After the hardships that COVID-19 brought to professional sports, league executives were forced to think outside of the box and produce new ways to generate revenue. Following the example led by soccer, executives across three of the core four professional US sports leagues have taken advantage of a mutually beneficial opportunity: corporate jersey sponsorships. In 2017, the NBA announced a three-year program that saw the incorporation of corporate logos on jerseys throughout the league. At the time, the NBA was the only one of the four major US sports leagues to launch this program, but just last year, the NHL decided it was time to take advantage of this revenue-generating opportunity and include corporate logos on their helmets and jerseys. Most recently, the MLB announced an initiative that will see the placement of corporate logos on either sleeve during the 2023 season.
With the NBA seen as veterans in this space, teams around the league are starting to look at different options regarding jersey sponsorships. Most recently, the Chicago Bulls signed a new multi-year contract with technology hardware company Motorola. Previously, the Bulls had formed a partnership with Zenni Optical, but once the three-year partnership expired, the Bulls wanted to bring in a company close to home. The Chicago-based technology company is now the exclusive smartphone manufacturer of the Bulls and is able to place digital assets throughout the organization. The Chicago Bulls president had this to say about the new partnership: "It is exciting to see us take this significant step into a new, expanded partnership that will have local, national, and global reach." These two organizations not only share a common location but also a passion for bringing consumers together through various experiences such as different marketing activations and community initiatives that involve fans beyond the streets of Chicago.
When the idea of implementing sponsored jersey patches was first mentioned, NBA commissioner, Adam Silver, projected that this initiative would generate $100 million in revenue for the 30 teams. Approximately five years later, it is being reported that the patches are now projected to bring in $225 million - more than double the initial estimate. Major market teams such as the Golden State Warriors or Los Angeles Lakers are charging nearly $20 million per year for their patch deals with global companies such as Rakuten and Bibigo. Additionally, non-major market teams such as the Sacramento Kings or Portland Trailblazers were able to double the rates of what a jersey patch may cost from the original $3-5 million range after the program was seen as impactful and mutually beneficial. While the monetary incentives are not the sole reason for teams to partake in this initiative, it gives some motivation for teams to reach new heights and continue to grow their brand.
Approved last month by the league's board of governors, NHL teams are now able to discuss with any corporate company regarding jersey patch logos. Most recently, the Boston Bruins have signed their official jersey sponsor with a company right in their backyard. Rapid7, a cybersecurity company whose headquarters are next to TD Garden, home of the Bruins, has become the first jersey sponsor in the team's history. The deal is estimated to be a 5-year deal worth $30 million. Over in Canada, the Toronto Mapleleafs have inked a deal with the Dairy Farmers of Ontario (DFO) to become their official jersey sponsor. This deal is more than just a revenue stream but a way to develop a partnership to support healthy living and access to the sport for players and fans around the world. Additionally, DFO has pledged to provide 5,000 tickets to games to community youth groups around the Toronto area. This is a great example of ways that these partnerships are more than just in-game signage, but a way to connect with fans and create meaningful relationships with them.

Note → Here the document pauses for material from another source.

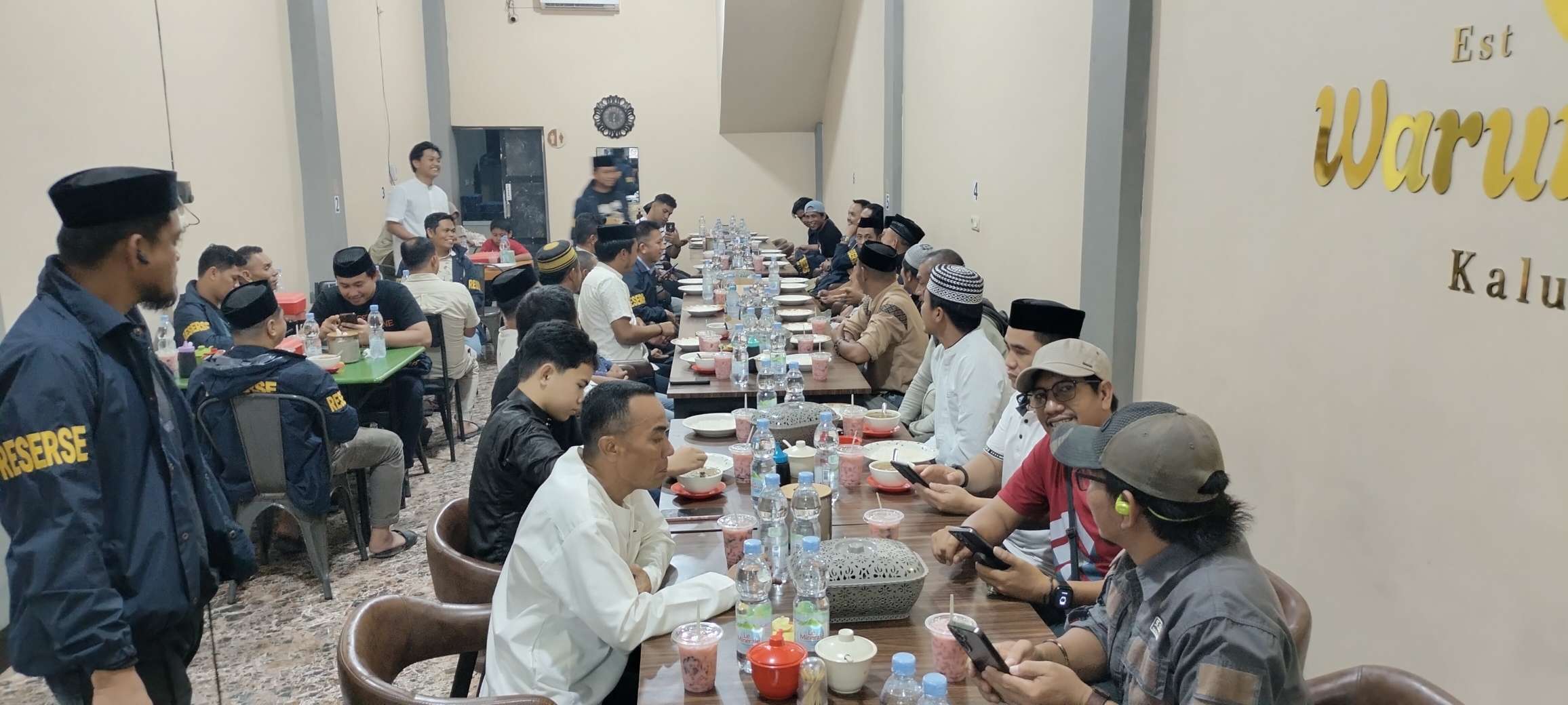 Acara berlangsung santai penuh tawa, diisi dengan dialog ringan seputar dinamika pemberitaan, tantangan kerja lapangan, serta saling berbagi cerita. Menu buka puasa khas Warung Nur Kalukuang pun turut menambah kehangatan suasana kebersamaan.

This is an exciting time for the NHL as now 16 out of 32 teams have official jersey sponsors. While this is only the start for jersey sponsorships in the NHL, the hope is for them to generate revenue for teams while creating long-term relationships with communities and fans through various initiatives similar to the Maple Leafs x DFO partnership.
The MLB is no stranger to this category of partnership as they have experimented with jersey patches on the sleeves during international games. For example, in 2019, the Boston Red Sox included the pain relief company, BioFreeze, on their sleeve during their game in London. During this year's All-Star break, team marketers throughout the league met in Los Angeles to discuss the implementation of jersey patches for the first time in the states. While there has been only one concrete sponsorship deal made public in which the San Diego Padres and Motorola agreed to a 4-year $9 million deal, Mass Mutual has an informal agreement in place with the Boston Red Sox to become their official jersey sponsor. There will be more teams to join them as the San Francisco Giants have signed agency giant, WME, to facilitate a deal for them.
Providing a new asset for sponsors to capitalize on has resulted in successful patch sponsorship programs across these three leagues, proving a successful revenue stream for teams and a highly visible location for brands to advertise and generate brand awareness. We expect to see more and more of these partnerships forging as the leagues continue to grow and expand in this space, building upon existing relationships or allowing new companies to take part in sports sponsorships. The biggest question outstanding at this point is: when is the NFL going to follow suit?